Kurt had started crying so hard that his words had become unintelligible. Blaine just held him there, rocking him and kissing the top of his head, murmuring "It's okay, I'm here, I'm here. I love you, and it's okay."
"A doctor came out a little bit later, and he put a hand on my dad's shoulder, and said he was sorry. I didn't know what for. My dad just put his head in his hands and started to cry. The doctor patted my dad on the shoulder and left. I came up to hug my dad. I told him he would feel better once we saw mommy. He held me close and hugged me harder. He started to say 'she's not coming back, Kurt, she's not going to come back.' It couldn't be true! Mom was going to be waiting there when we got home!
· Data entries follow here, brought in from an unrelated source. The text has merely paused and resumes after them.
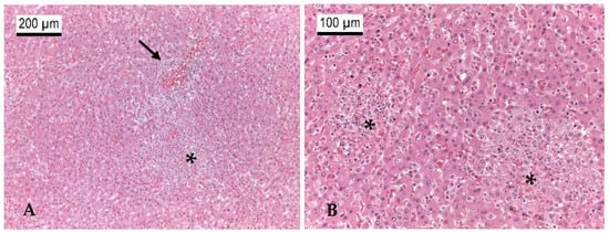 Histo-pathological sections of the liver of a patas monkey (s. Figure 2) with mild periportal lymphocytic infiltrates (black arrow) (A) and acute irregular necrotic to pyogranulomatous lesions (black stars) (A,B) as depicted in the higher magnification (B). H&E staining; 100× magnification (A), 200× magnification (B). Photos (A,B): Martin Peters, CVUA Westphalia.
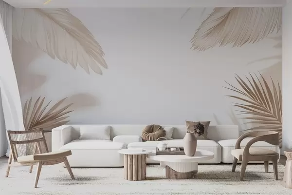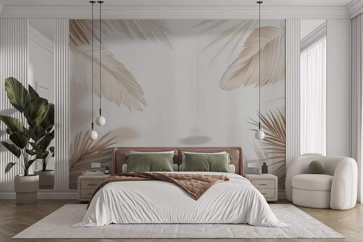 Wall murals Beige tropical decor with palm leaf silhouettes and soft shadows Nr. w09714
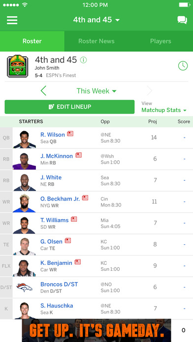 – Follow your fantasy (and favorite professional teams) with live, real-time matchup and pro game scoring.
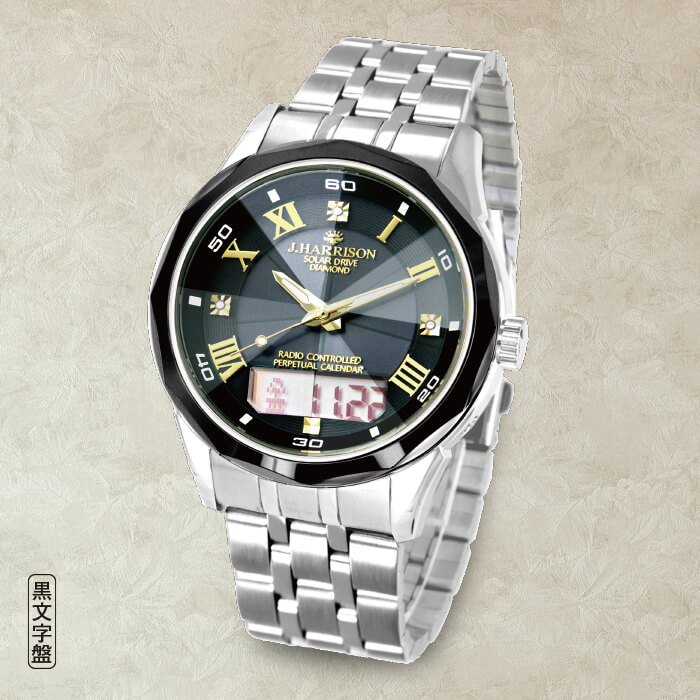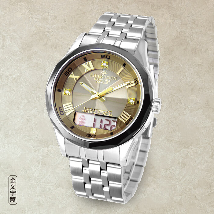 ◎仕様:日本製ソーラーパネル、中国製ムーブメント、光発電機能、電波受信機能、月差/±30秒(電波非受信時)、3気圧防水、品質保証書付、化粧箱付
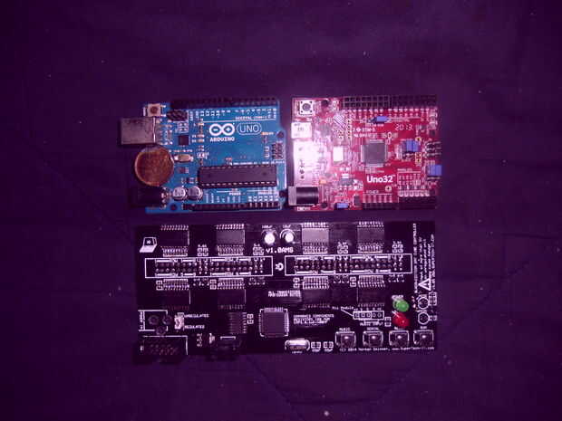 La nueva edición de negro SMT 1.X AMS consejos están en las obras. Estos tienen conector de módulo de entrada, Mic Audio disparador y son todos los chips SMT (así la AMS) - Un SNEAK PEEK en el prototipo es por encima con mi Arduino y PIC UNO32 cerca de él para la comparación de tamaño. Básicamente se trata del tamaño de 2 placas Arduino Uno al lado del otro.
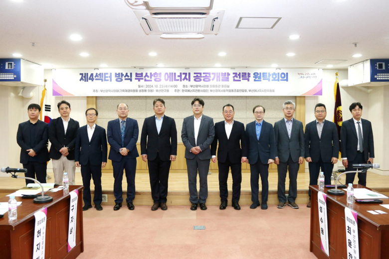 [부산 세계타임즈=이용우 기자] 성창용 부산광역시의회 기획재경위원장은 김태효 의원, 김형철 의원 반선호 의원과 함게 23일 부산시의회 의원회관 회의실에서 「부산 분산형 자급자족 에너지 인프라 개발 및 확충을 위한 전략 원탁회의」를 개최하였다.
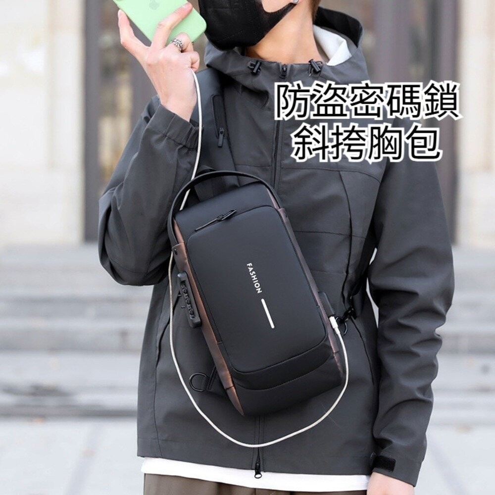 商品名稱:防盜密碼鎖斜挎胸包 韓版單肩斜挎包 機車包 密碼鎖潮包 耳機孔設計
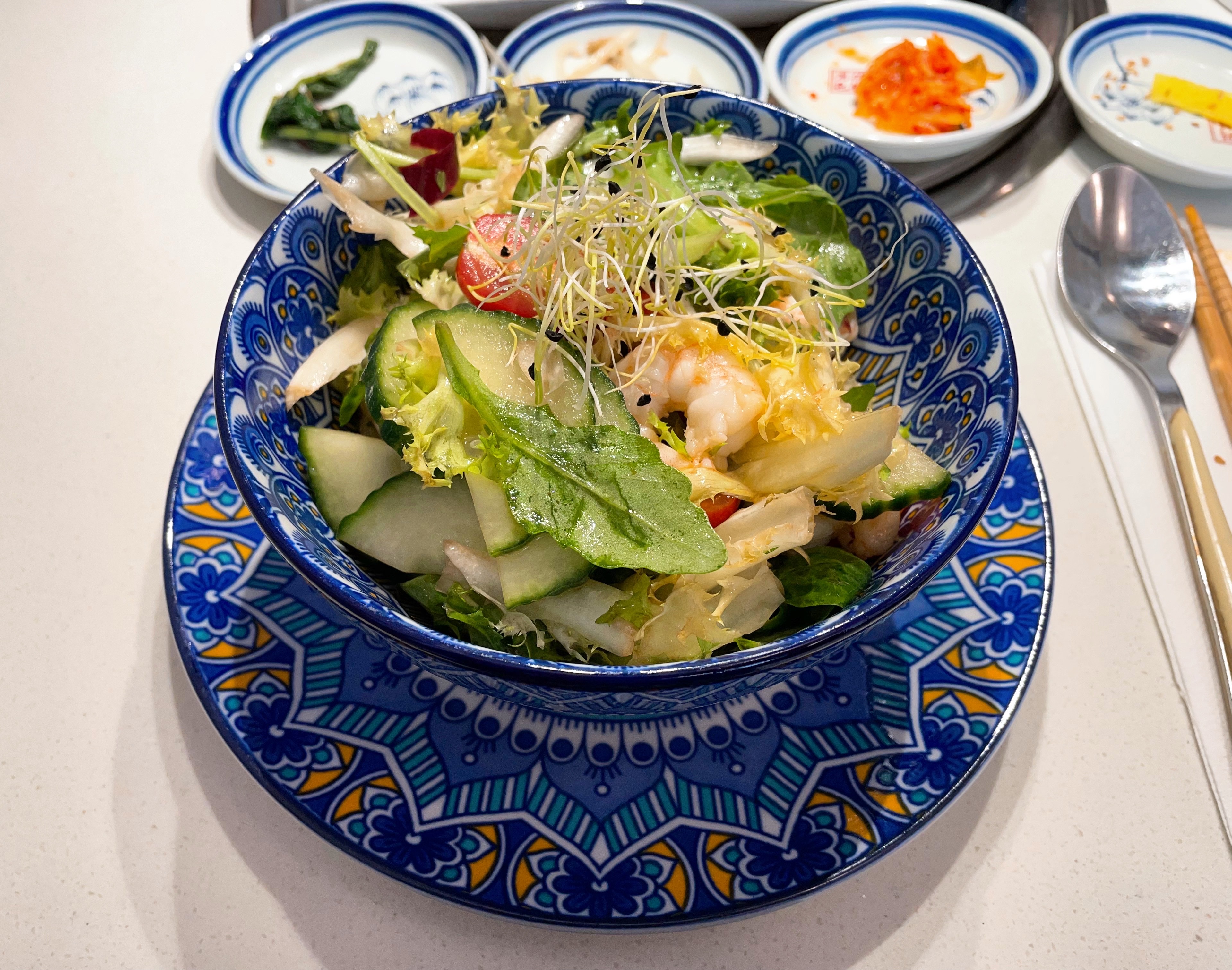 Excellent service, le serveur était vraiment très gentil et souriant. Les plats étaient très bons, sauf le poulet frit coréen qui était un peu décevant. Ça allait pour le goût, mais ce n’était pas ce à quoi je m’attendais en commandant. De plus je n’ai pas trop aimé la sauce qui l’accompagnait. De même pour la salade, il n’était pas précisé qu’elle était avec des crevettes ; n’aimant pas les crevettes j’ai été un peu déçue mais la salade restait bonne. J’ai beaucoup aimé le japchae et la viande pour le barbecue était très bonne, finement découpée (mais sûrement décongelée). Enfin, les prix sont un peu élevés. Expérience sympa.

He said something about a drunk driver. How could they have been so stupid! They killed my mom!"
"Baby, it's okay. Just let it out, let it out." Blaine just kept rocking Kurt.
"I'm so sorry; I shouldn't let myself get like this. I thought it would be better this year because I had you…but I just miss her so much."
"I know that this might be overstepping," Blaine said delicately, "but do you want to go see her grave with me? Maybe it would help to put some flowers on it with me, or just see it."
"I would like that," Kurt smiled weakly, "I think that would be nice."
Burt's voice came from the kitchen, sounding rough, as if he had been crying. "I want to come with you too. I think it would be nice. And even if you don't believe in angels and shit like that Kurt, I do, and I want her to meet Blaine."
"That would be nice," Kurt murmured, "she would have loved him."
"Yeah kid," Burt said, venturing into the living room and rustling Kurt's hair, "I think she would."